Web forms do, however, allow platform-independent development of generic input clients for network applications. Web browsers that support Web forms are available for the most popular client platforms. In fact, your intended user probably already has a forms-capable client on his or her desktop.

Automatically Generated Forms

Rather than designing a different Web form for every possible situation, a programmer can design a CGI application to automatically generate HTML forms by describing the data types to be prompted for in a machine-readable representation, and choosing a template HTML form tag that is appropriate to each data type.

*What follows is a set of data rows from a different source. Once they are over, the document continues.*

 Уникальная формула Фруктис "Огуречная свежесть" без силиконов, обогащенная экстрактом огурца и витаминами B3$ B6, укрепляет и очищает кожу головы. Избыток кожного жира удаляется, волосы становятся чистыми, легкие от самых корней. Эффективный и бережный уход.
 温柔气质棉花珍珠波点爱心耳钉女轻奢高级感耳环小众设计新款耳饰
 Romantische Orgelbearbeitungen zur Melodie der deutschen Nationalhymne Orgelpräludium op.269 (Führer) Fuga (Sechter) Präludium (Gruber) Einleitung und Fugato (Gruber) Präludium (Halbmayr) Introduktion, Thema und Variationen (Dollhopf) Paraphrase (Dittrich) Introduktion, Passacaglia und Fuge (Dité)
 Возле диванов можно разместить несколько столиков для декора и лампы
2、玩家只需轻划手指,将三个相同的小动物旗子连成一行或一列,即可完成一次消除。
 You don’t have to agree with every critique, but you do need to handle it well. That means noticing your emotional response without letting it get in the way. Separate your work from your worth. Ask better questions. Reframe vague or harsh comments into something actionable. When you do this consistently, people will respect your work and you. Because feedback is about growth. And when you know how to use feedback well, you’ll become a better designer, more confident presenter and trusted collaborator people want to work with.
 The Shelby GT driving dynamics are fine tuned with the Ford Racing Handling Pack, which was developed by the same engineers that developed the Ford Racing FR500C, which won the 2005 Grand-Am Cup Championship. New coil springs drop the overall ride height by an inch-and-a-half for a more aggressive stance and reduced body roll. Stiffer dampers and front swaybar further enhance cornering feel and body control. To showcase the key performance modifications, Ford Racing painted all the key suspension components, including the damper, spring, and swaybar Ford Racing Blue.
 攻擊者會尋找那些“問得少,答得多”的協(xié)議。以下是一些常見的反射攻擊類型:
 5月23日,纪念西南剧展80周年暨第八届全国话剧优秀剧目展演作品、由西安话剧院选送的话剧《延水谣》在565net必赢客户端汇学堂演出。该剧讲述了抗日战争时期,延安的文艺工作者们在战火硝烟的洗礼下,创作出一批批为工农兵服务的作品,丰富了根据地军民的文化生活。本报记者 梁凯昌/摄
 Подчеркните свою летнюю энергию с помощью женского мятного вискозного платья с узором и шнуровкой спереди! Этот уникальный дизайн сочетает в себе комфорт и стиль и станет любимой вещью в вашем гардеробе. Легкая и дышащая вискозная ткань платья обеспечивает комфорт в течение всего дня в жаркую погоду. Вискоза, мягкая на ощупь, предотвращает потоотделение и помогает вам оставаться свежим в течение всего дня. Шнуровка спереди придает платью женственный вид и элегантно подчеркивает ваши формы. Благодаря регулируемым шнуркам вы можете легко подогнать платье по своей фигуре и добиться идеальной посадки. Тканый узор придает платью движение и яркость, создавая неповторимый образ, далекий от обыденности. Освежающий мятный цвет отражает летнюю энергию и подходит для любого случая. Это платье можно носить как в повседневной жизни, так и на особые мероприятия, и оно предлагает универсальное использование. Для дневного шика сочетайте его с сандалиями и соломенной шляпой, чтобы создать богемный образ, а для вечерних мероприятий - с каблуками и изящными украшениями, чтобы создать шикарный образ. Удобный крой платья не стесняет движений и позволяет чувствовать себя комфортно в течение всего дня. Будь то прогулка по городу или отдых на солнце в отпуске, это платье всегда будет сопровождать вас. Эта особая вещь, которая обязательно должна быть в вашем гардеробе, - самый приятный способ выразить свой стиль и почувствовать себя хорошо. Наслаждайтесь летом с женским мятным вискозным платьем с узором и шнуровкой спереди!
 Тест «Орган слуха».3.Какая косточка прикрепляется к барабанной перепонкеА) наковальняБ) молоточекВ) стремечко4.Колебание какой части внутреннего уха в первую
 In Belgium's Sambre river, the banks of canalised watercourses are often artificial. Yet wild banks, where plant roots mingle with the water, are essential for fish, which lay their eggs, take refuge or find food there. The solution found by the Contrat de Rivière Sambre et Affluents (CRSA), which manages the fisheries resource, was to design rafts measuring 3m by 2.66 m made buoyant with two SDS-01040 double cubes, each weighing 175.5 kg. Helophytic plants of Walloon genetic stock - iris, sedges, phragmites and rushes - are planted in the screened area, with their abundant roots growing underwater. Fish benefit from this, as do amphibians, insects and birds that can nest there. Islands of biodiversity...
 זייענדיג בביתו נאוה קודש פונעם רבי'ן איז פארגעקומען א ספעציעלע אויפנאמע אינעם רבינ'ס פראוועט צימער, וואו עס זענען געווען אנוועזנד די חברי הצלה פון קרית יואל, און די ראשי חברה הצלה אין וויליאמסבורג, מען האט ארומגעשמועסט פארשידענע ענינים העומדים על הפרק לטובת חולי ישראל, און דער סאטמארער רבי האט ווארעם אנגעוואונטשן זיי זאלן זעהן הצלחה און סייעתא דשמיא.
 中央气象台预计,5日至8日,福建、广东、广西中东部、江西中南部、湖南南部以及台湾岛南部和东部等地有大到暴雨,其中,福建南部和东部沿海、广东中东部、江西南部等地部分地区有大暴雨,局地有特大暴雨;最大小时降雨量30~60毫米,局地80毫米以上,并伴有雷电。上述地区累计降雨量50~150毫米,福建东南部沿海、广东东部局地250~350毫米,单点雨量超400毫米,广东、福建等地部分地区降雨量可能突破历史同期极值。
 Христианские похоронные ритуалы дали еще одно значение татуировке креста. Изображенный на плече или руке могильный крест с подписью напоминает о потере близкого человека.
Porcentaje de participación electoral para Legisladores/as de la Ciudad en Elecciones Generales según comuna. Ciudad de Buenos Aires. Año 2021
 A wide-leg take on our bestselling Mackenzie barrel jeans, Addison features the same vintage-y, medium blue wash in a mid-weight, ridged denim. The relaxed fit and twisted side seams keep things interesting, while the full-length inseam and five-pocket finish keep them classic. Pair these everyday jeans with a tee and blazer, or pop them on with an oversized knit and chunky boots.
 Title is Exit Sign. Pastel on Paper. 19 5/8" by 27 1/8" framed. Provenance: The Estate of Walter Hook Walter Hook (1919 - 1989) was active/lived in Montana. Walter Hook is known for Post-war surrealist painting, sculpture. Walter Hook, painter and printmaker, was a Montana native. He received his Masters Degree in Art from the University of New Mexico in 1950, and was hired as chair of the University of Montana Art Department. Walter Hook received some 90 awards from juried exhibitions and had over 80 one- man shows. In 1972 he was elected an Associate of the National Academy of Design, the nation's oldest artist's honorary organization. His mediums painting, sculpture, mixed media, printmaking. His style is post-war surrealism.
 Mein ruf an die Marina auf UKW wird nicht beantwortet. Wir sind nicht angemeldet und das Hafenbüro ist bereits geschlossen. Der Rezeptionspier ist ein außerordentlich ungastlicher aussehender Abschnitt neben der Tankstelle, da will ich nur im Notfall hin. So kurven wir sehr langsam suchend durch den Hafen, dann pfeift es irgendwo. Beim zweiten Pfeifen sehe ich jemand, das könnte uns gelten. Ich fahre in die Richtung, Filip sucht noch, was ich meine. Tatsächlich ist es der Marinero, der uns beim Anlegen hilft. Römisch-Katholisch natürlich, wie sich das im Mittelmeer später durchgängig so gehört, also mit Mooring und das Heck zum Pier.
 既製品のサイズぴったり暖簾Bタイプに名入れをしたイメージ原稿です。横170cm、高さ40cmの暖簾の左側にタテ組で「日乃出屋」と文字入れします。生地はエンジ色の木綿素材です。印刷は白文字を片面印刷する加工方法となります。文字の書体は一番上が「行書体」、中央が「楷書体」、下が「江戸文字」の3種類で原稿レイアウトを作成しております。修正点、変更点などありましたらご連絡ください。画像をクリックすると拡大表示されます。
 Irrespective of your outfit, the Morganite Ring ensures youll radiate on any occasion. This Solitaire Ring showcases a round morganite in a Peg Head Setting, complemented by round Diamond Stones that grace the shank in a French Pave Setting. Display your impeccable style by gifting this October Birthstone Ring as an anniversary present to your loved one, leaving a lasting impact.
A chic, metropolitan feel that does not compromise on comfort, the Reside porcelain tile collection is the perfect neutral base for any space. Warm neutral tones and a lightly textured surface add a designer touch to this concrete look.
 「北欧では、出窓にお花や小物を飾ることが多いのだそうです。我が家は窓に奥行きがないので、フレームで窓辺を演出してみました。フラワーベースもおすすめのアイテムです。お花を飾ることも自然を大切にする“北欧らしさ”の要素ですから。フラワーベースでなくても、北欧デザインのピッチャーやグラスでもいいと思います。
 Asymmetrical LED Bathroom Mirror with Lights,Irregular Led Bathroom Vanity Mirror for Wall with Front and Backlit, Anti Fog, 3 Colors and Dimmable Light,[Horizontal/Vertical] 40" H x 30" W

Numbers can be prompted for using the INPUT TYPE=TEXT tag, Boolean choices using radio buttons, or SELECT tags and textual data using the TEXTAREA tag. These can be automatically sized as needed using their respective tag attributes. A truly object-orientated design would implement a "Web forms" interface to all objects. This interface would include methods to generate HTML form tags that prompt for the contents of an object, methods to validate the contents of the form submission, and methods to help and re-prompt the user when the form data submitted is not suitable.

Partially Prefilled Forms

Library routines that generate Web form tags should include the capability to supply a default value to the user. The contents of TEXTAREA tags and the VALUE, chECKED, and SELECTED attributes described previously provide several ways to supply default input. This capability is not only a way to suggest appropriate responses, it can also be used when the user is re-editing or changing existing data.

Tip
Not all existing data can be offered as a default entry in all form tags. The INPUT TYPE=TEXT tag will accommodate only default VALUEs, which can be expressed as an HTML attribute. Quote characters ("), greater-than characters (>), and line-breaks all cause problems if they are used as default text in INPUT TYPE=TEXT tags. Often, the TEXTAREA tag comes to the rescue with its "container" syntax described previously. Also, if it is possible that existing data does not conform to the current set of options in a SELECT or similar form tag, an "Other" option accompanied by a text field can save the day.

Forms Ready Reference

The following is a summary of Web forms for reference:

<FORM ACTION="url" METHOD=reqtype >
    <INPUT [TYPE=TEXT] NAME="id" [SIZE=nn] [MAXLENGTH=nn] [VALUE="default"]>
    <INPUT TYPE=SUBMIT [NAME="button-id"] [VALUE="Button label text"]>
    <INPUT TYPE=RESET [VALUE="Button label text"]>
    <INPUT TYPE=RADIO NAME="radio-set-id" VALUE="choice-id" [chECKED]>
    <INPUT TYPE=chECKBOX NAME="box-set-id" VALUE="choice-id" [chECKED]>
    <INPUT TYPE=IMAGE NAME="image-id" SRC="image-url" [ALIGN=alignment]>
    <INPUT TYPE=HIDDEN NAME="data-id" VALUE="hidden form data" >
    <TEXTAREA NAME="text-id" [COLS=nn] [ROWS=nn]>
        default text
    </TEXTAREA>
    <SELECT NAME="select-id" [SIZE=nn] [MULTIPLE]>
        <OPTION [VALUE="choice-id"] [SELECTED]>1st choice
        <OPTION>2nd choice
        <OPTION>...
    </SELECT>
</FORM>

Brief Outline of GET and POST Mechanisms

Brief Outline of Form Encoding

Form contents are encoded by replacing spaces (" ") with plus signs ("+"), and other unsafe characters are represented by the hexadecimal escape sequence %hh. Form data is associated with NAMEd tags using id=data pairs separated by ampersands ("&").

Summary

HTML forms provide a simple way for a Web browser user to supply information to your Web site, to search efficiently for information, and to interact with Internet information gateways.

A well-designed form backed by an effective form handler can give visitors interactive control over your site and provide you with valuable information about your clients.

Of course, in form handlers and all other CGI applications, security is an important factor and is covered in the next chapter.